TASK DIRECTIONS: From the first line of the data below through the line holding "[백준] 4344 - 평균은 넘겠지 (파이썬) (C)", output each line exactly and leave the pictures out.

DATA BELOW:
● ● ● ● ● ● ●

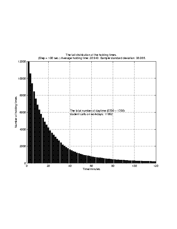 The tail distribution of the holding times in the student modem pool on weekdays (07.00-17.00) of January 1998.
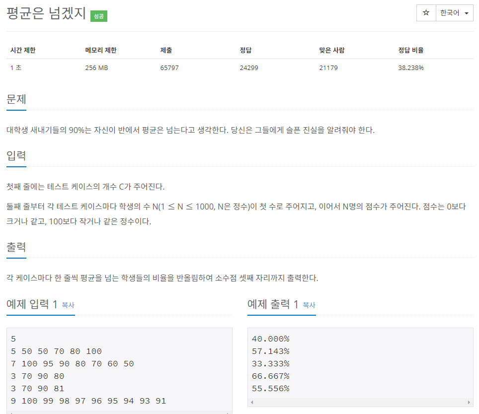 [백준] 4344 - 평균은 넘겠지 (파이썬) (C)
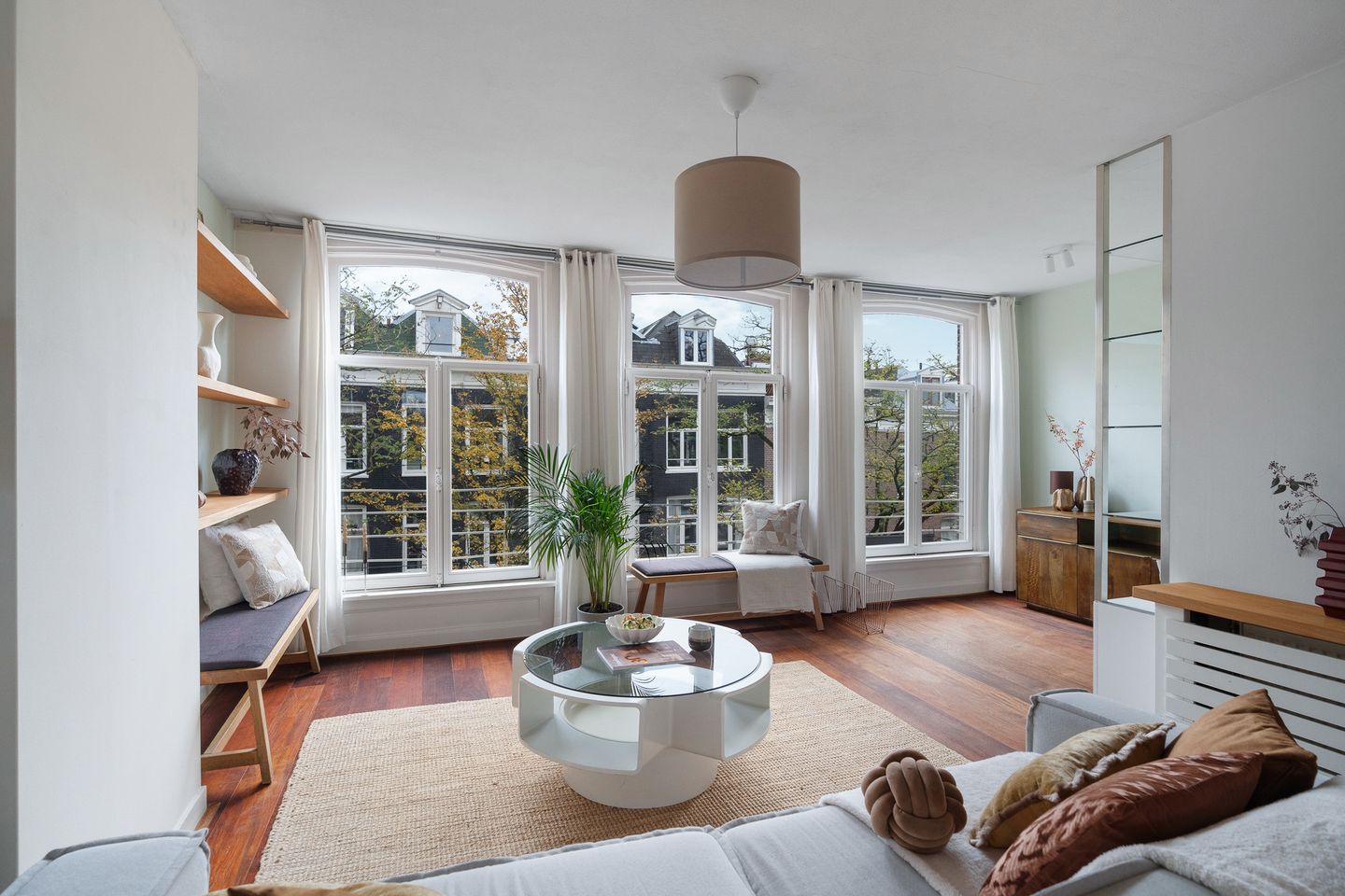 LIVING in de Pijp Licht & Stijlvol appartement op de derde verdieping — Eigen Grond In één van de mooiste en meest geliefde straten van De Pijp bevindt zich dit lichte doorzonappartement op de derde verdieping, met prachtig uitzicht dankzij de grote ramen aan zowel de voor- als achterzijde. Een kleine rondleiding: WELKOM Via de gedeelde entree met fraai hardstenen bordes bereik je de trap naar de derde verdieping. Bij binnenkomst in het appartement stap je in de hal, die toegang biedt tot alle vertrekken. WONEN EN KOKEN De royale woonkamer aan de voorzijde baadt in het licht en grenst direct aan de eetkamer; ideaal voor een grote eettafel en een comfortabele zithoek. De open keuken is greeploos uitgevoerd, voorzien van moderne apparatuur en veel werkruimte—hier is ruimte voor culinaire creativiteit en contact met je gasten. SLAPEN Dankzij de doorzonindeling is het appartement nu zeer licht en open, maar een praktische indeling met twee ruime slaapkamers is eenvoudig te realiseren. Aan de achterzijde geniet je van rust en groen, ideaal voor een goede nachtrust. Let op: Er worden nog twee deuren geplaatst tussen de achterste, kleine kamer en de woonkamer waardoor een tweede slaap/werkkamer ontstaat. ME-TIME De badkamer is functioneel en modern ingericht met een inloopdouche, wastafelmeubel en toilet. GOED OM TE WETEN Het appartement is volledig voorzien van dubbele beglazing en goed geïsoleerde kozijnen, wat bijdraagt aan een gunstig energielabel B. De kleine VvE bestaat uit vier betrokken leden en het beheer en de administratie zijn in eigen hand. Het reservefonds is gezond, het MJOP aanwezig en recent zijn nog onderhoudswerkzaamheden uitgevoerd aan het schilderwerk van de buitenkozijnen. Ook het gebouw staat op eigen grond, er is dus geen erfpacht van toepassing. OMGEVING Gelegen in de autovrije en recent opnieuw ingerichte Frans Halsstraat, te midden van veel groen en nabij het Sarphatipark, de beroemde Albert Cuypmarkt en talloze boetieks, koffietentjes en restaurants. Tram 24 en metro 52 liggen op loopafstand, waardoor Amsterdam-Zuid/WTC en Schiphol snel bereikbaar zijn. Parkeren kan (met vergunning) in de ondergelegen parkeergarage aan de Ruysdaelkade. Al het moois samengevat • Op eigen grond gelegen • Ca. 62 m² woonoppervlak conform meetinstructie NEN2580 • Goed geïsoleerd, energielabel B • HR CV-combiketel uit 2017 • Kleine, betrokken VvE; administratie in eigen beheer. Men heeft recent ingestemd met het aanvragen van een vergunning tot plaatsen balkon achterzijde • Maandelijkse VvE-bijdrage: €125 • Funderingsherstel en grootschalige renovatie in 2002 • Recent heringerichte straat en parkeergarage direct nabij • Niet-bewonersclausule en ouderdomsclausule standaard van toepassing • Oplevering kan snel DISCLAIMER De woning is ingemeten conform NEN2580. Deze meetinstructie is bedoeld om een meer eenduidige manier van meten toe te passen voor het geven van een indicatie van de gebruiksoppervlakte. De meetinstructie sluit verschillen in meetuitkomsten niet volledig uit, door bijvoorbeeld interpretatieverschillen, afrondingen of beperkingen bij het uitvoeren van de meting.
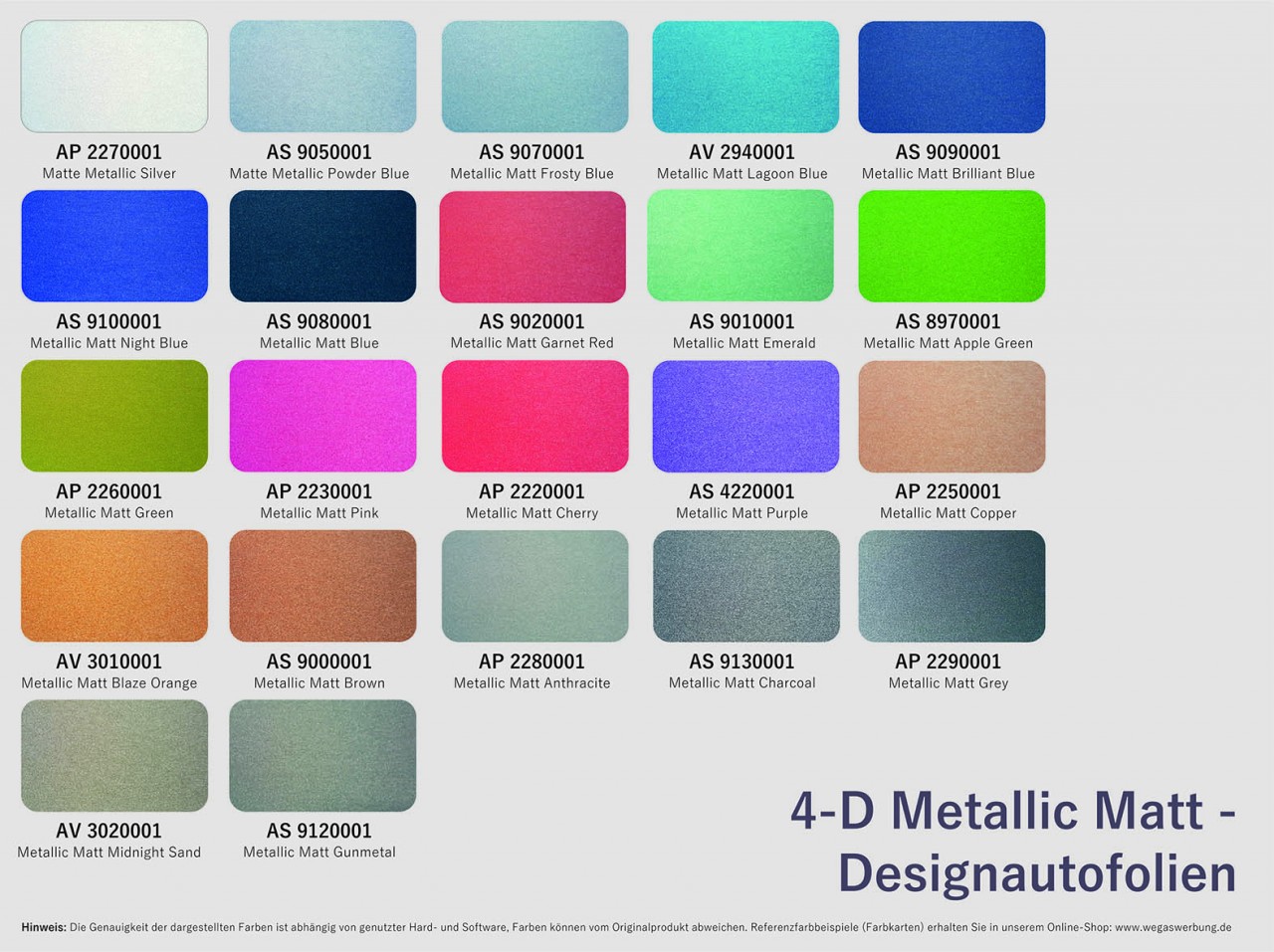 • farbige METALLIC MATT Klebefolien in 21 Farben JETZT möglich

● ● ● ● ● ● ●

WRITTEN ANSWER:
 The tail distribution of the holding times in the student modem pool on weekdays (07.00-17.00) of January 1998.
 [백준] 4344 - 평균은 넘겠지 (파이썬) (C)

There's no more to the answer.